Stay up to date with notifications from The Independent

Notifications can be managed in browser preferences.

THEATRE / Why Things Happen - ICA, London SW1

Lyn Gardner
Saturday 31 October 1992 00:02 GMT
Comments

Ian Spink's Second Stride have come to be accepted as part of the wave of new British theatre that embraces all forms and eschews all labels. Here, movement seems almost peripheral to text (Marty Cruickshank), design (Antony McDonald) and music (Bach). While making a film about a musician, Greg, a verbose Australian video director, recalls his love affair with a dancer, Paula. He talks of atoms and energy; the musician deconstructs Bach's Sonata No 1, and the dancer traces her emotions in movement.

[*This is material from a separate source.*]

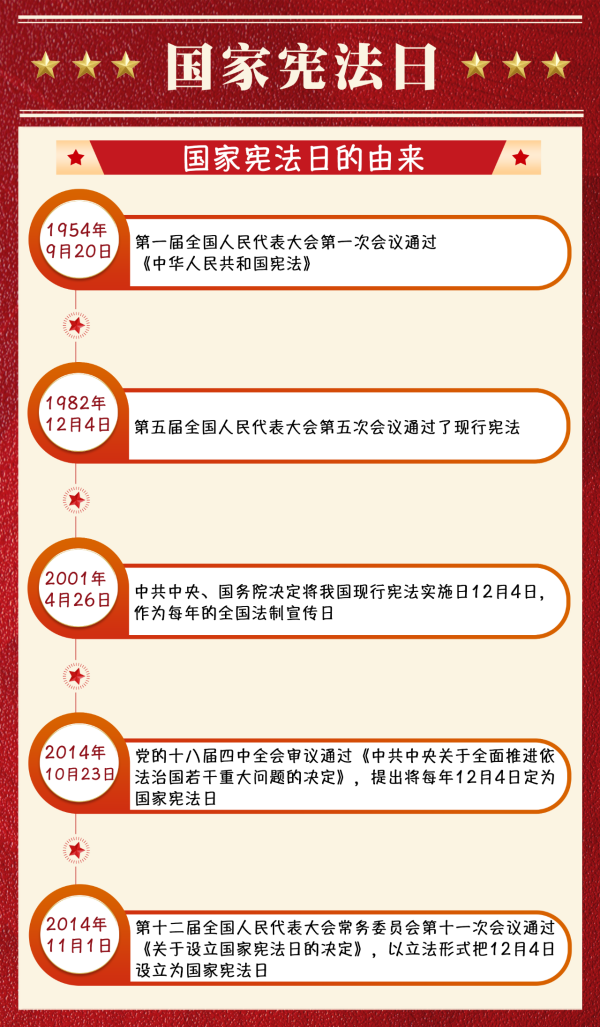 2014年11月1日,第十二屆全國人民代表大會常務(wù)委員會第十一次會議通過《關(guān)于設(shè)立國家憲法日的決定》,以立法形式把12月4日設(shè)立為國家憲法日。
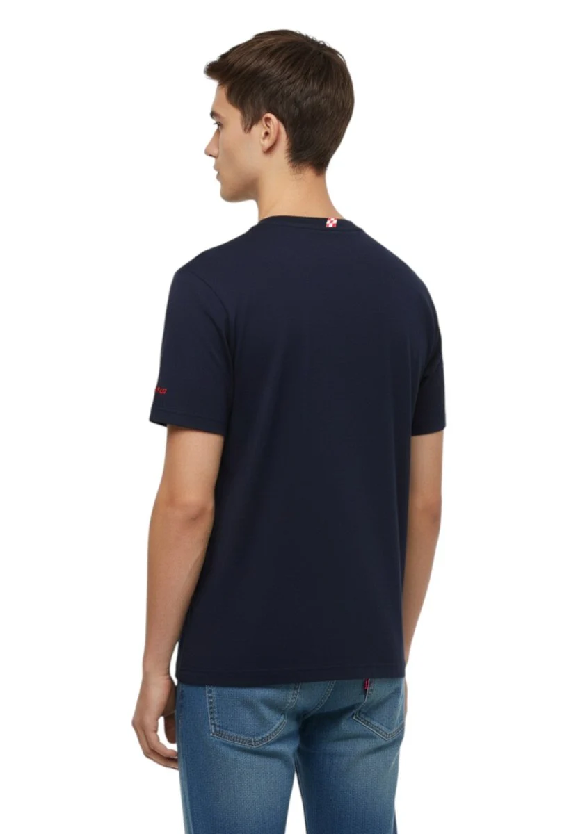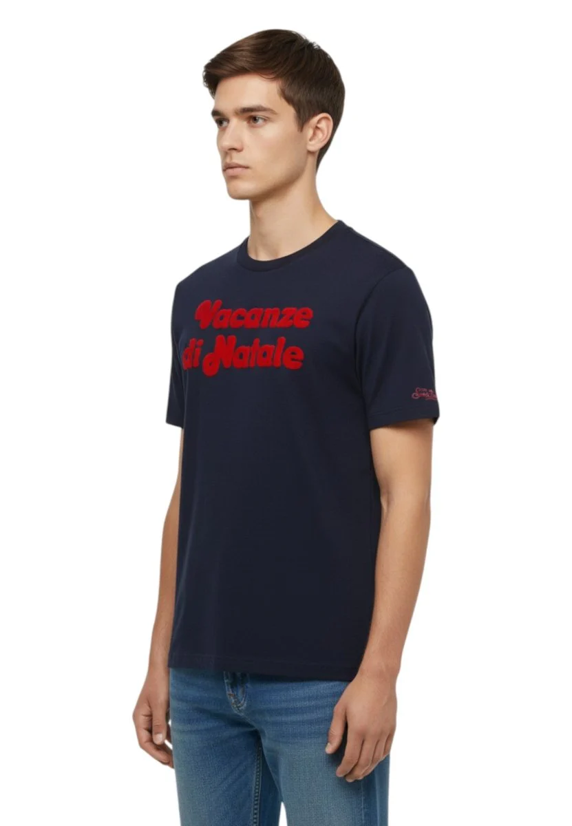 Il design in blu navy tinta unita viene impreziosito da ricami accurati e una stampa flock esclusiva: sulla manica, il classico ricamo “St. Barth” e vacanze di Natale; sul petto, la locandina del celebre film “Vacanze di Natale” stampata in flock, che aggiunge un tocco vintage-pop dal forte impatto visivo.

The dislocated stream of consciousness that follows is more suitable for the therapist's couch than public consumption, and there does seem something absurdly cock-eyed about a piece that sets out to equate the terrible beauty of nuclear fusion with the petty squabbles and emotional angst of a relationship between rather childish adults. But, against the odds, the piece works, gradually discarding its cool distancing effects and building to an emotional crescendo that reveals a dreadful symmetry in past and present histories and the date of Greg's birth, 9 October 1957 - the day of the first Australian nuclear test explosion.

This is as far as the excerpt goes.